正文 十九、紅蝕

林飛羽扶著嗡嗡直響的腦袋,抬起頭來。

模糊的視線漸漸變得清晰,破碎的意識慢慢變得完整,他發現自己並沒有死——至少現在還沒有。慶幸之餘,一個亟待解決的問題在腦海中搖來盪去:

「剛才發生了什麼?」

他試圖把支離破碎的回憶重新編織到一起,每一個畫面,每一段對白,每一次心頭的感慨萬千,從少年時代的輕狂和陰霾,到步入特勤七處後的艱險與磨礪,人生彷彿一段順序被打亂了的默片,在眼前閃爍跳動,把遙遠的過去和剛剛經歷的「現實」強行糅合在了一起。

他想起來了——

起先是令人崩潰的可怕雜訊,然後是噴射狀的漫天紅塵……還有冷冰,表情錯愕的冷冰……他握著自己的左手手腕,那隻發散著微微紅光的左手……

瓶子破了。

是的,那一幕就發生在林飛羽的眼前——在那地獄般的聲音響徹礦洞的同時,裝著「原石」的小瓶子破了,裡面的碎片震顫著跳進了冷冰的手心,而之後,就只剩下劇烈的偏頭疼和一片黑暗了。

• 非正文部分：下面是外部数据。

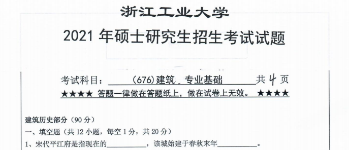 以上是聚创考研网为考生整理的"2021年浙江工业大学676建筑专业基础考研真题(完整版)"的相关考研信息,希望对大家考研备考有所帮助! 备考过程中如有疑问,也可以添加老师微信juchuang911进行咨询。
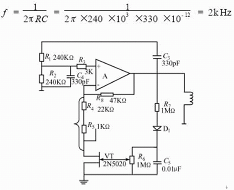 由于放大器的输出电阻很低,反馈信号加入运算放大的同相输入端,所以输入电阻很高,这样同相放大器的增益KF=1+ R8/Rf,仅与外部电阻R8和Rf有关,而与放大器本身参数无关,因此增益的精度和稳定性都很高。在实际应用中,常选RC串-并联电路的R1=R2=R,C1=C2=C,所以在f=1/2πRC这个频率上, RC移相网络相位移为零,而R8≈2Rf,满足振荡条件。选R=240kΩ, C=330pF,则得到振荡频率为:
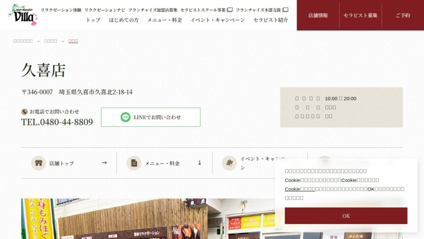 ※プランや詳細料金は ヴィラ久喜店 の公式ページをご確認ください。
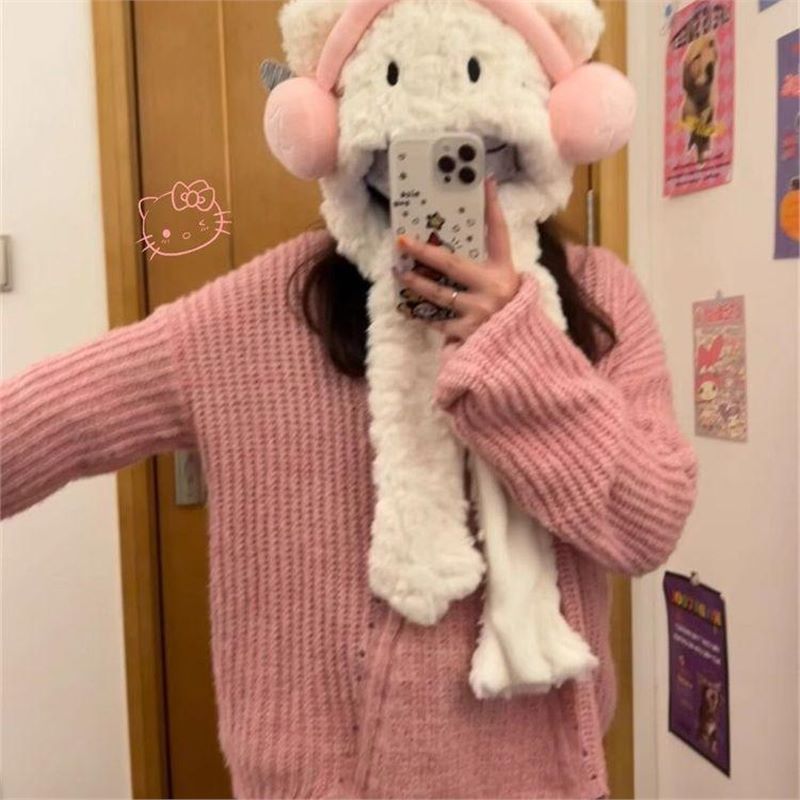 猫の耳の帽子の子供の秋冬2024の新型のぬいぐるみの帽子のマフラーの一体のかわいい保温の耳の学院の風
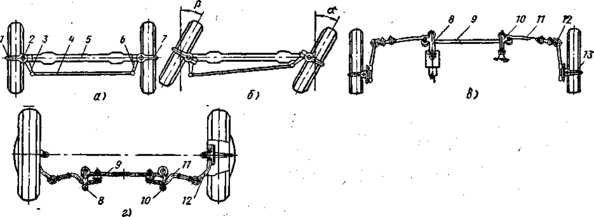 В трапецию входят (рис. 2, а) передняя ось 5, рулевые рычаги 3 и 6, соединенные с поворотными кулаками 1 и 7, и поперечная рулевая тяга 4. Поворотные кулаки шарнирно соединены с осью шкворнями 2.
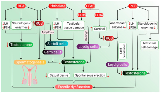 Probable mechanism of association of ROS induced by BPA, phthalates, PFAS and PCB with hypogonadism and ED. BPA downregulates the production of LH, FSH and steroidogenic enzymes along with upregulation of ROS, which, in turn, causes a decline in testosterone levels followed by inhibition of spermatogenesis. BPA-mediated ROS generation may also suppress testosterone activity and spermatogenic processes directly. Phthalates cause damage to testicular tissues and lower the levels of LH and FSH, which further reduces testosterone levels. ROS generation by phthalates may bring about the apoptosis of Sertoli cells and germ cells, ultimately inhibiting spermatogenesis. Lowered testosterone levels also result in diminished sexual desire and reduce spontaneous erection, which may lead to ED. PFAS, such as PFOS and PFOA, may also cause damage to Leydig cells leading to reduced testosterone levels. PFOS and PFOA may induce cortisol production, which leads to ROS generation, ultimately resulting in suppression of the hormonal activity of Leydig cells. PCBs damage testicular tissues and lower the activity of LH and FSH together with reducing the steroidogenic enzymes, which may lead to lowered testosterone levels. PCBs can also reduce the levels of antioxidant enzymes, and resulting in oxidative stress induces lipid peroxidation in Leydig cells, thus lowering the level of testosterone. PCB-induced reduction of testosterone may also give rise to ED. Red arrows represent the increase and decrease of the respective substances, which negatively impact testosterone level, thereby inhibiting spermatogenesis and causing hypogonadism and ED. (BPA: bisphenol A, PFAS: perfluoroalkyl substances, PFOS: perfluorooctanesulfonic acid, PFOA: perfluorooctanoic acid, PCB: polychlorinated biphenyls, LH: luteinizing hormone, FSH: follicle-stimulating hormone, ED: erectile dysfunction, ROS: reactive oxygen species).
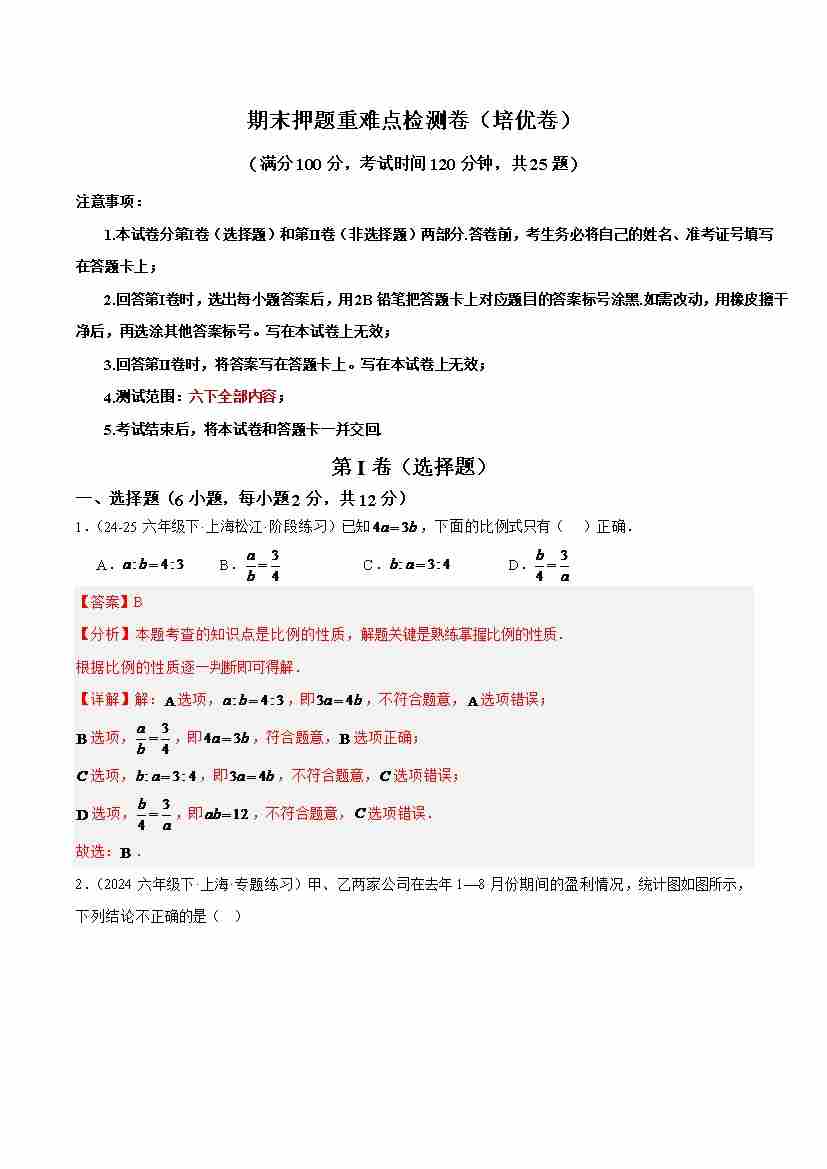 期末押题重难点检测卷(培优卷)(考试范围:沪教版六下全部内容)-(沪教版2024)(教师版)
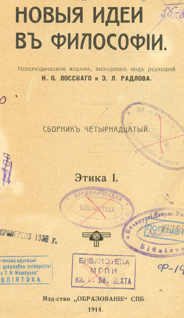 Новыя идеи в философіи.Сборник 14 : Этика І / неперiодическое изданiе, выходящее под редакцiей Н. О. Лосскаго и Э. Л. Радлова. - С.-Петербург : Образованіе, 1914 ( : Типографія Е. М. Малаховскаго). - 172 с. - Библиогр. в обл. ссылок.
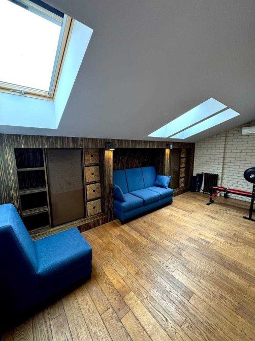 На другому мансардному поверсі: кабінет, гостьова, та санвузол, є вихід на дах
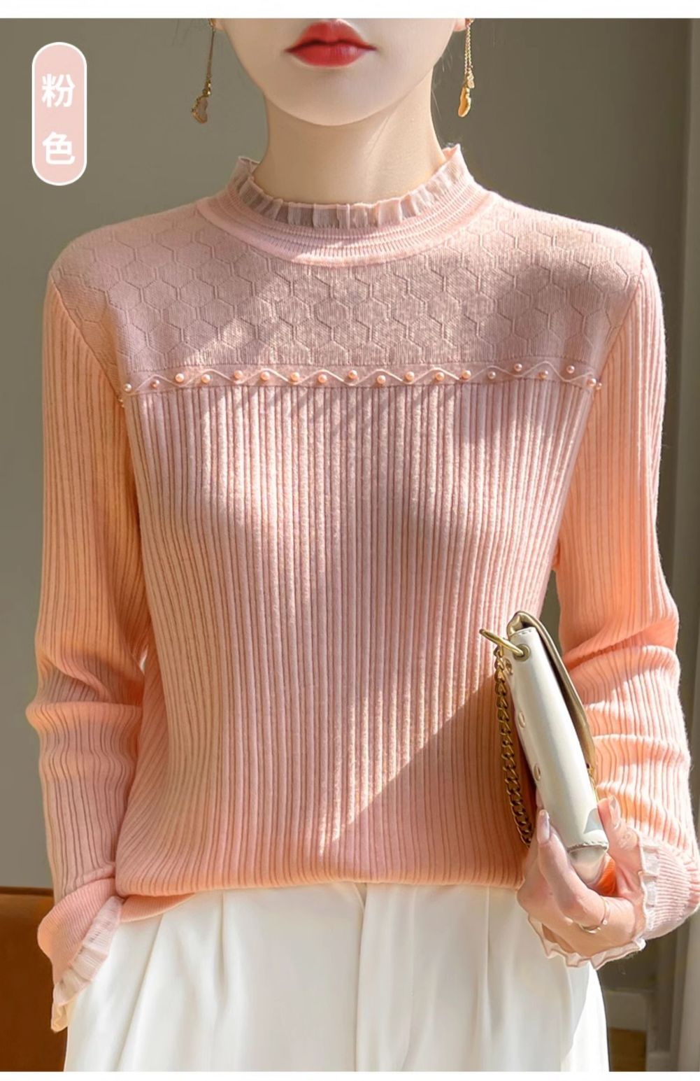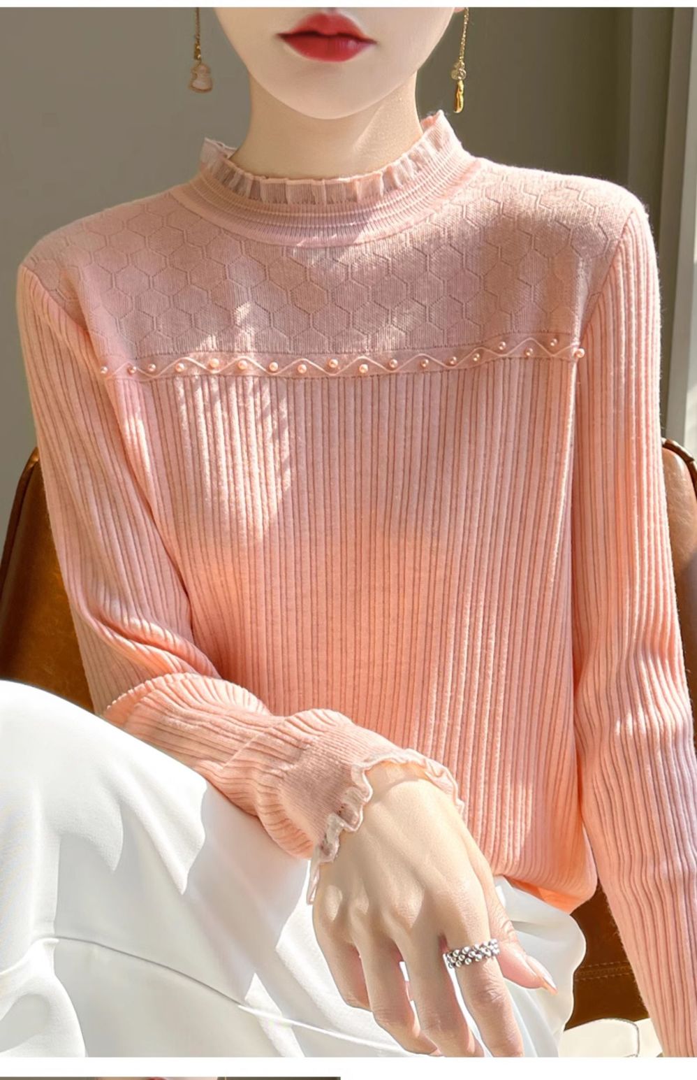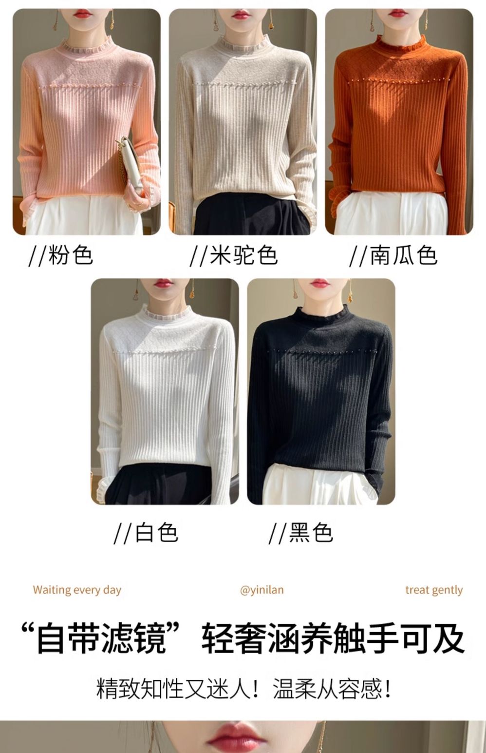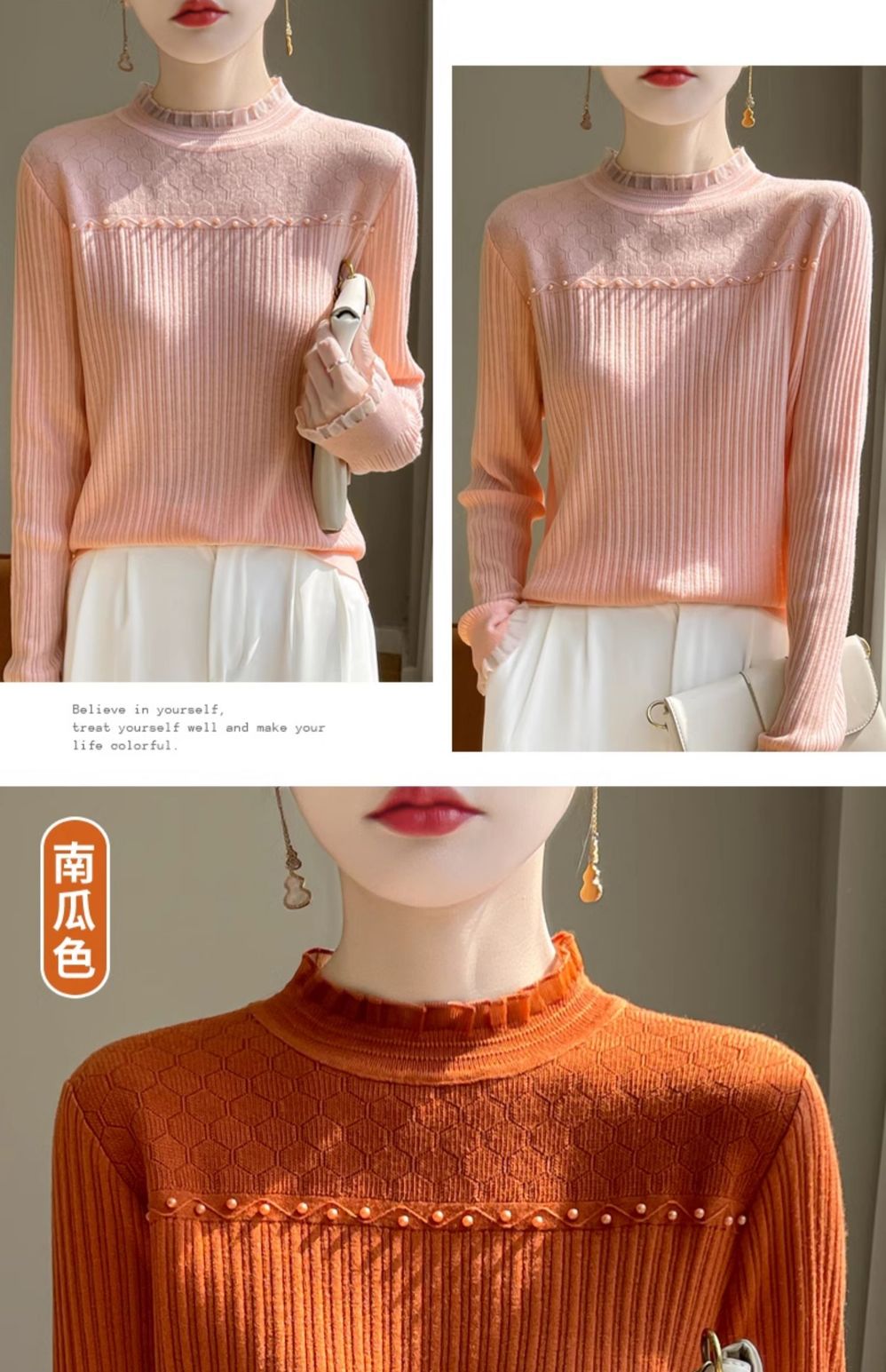 佰威斯利新年春节红蕾丝打底衫女新款春秋内搭洋气5色可选钉珠针织上衣大码女装秋冬毛衣90-240斤

想到這裡,林飛羽突然清醒了過來——他揉了揉眼睛,急切地尋找起冷冰的身影,想要知道這個叛徒的最後下場。

但他失望了。

冷冰沒有死,而是半跪在前方不到五步的地方,右手支著一柄雙刃短劍,臉色慘白,氣喘連連。他的半身白袍已經完全被鮮血所染紅,而那隻被「原石」刺中的左手,被他自己連肘一起斬下,就掉在劍的旁邊。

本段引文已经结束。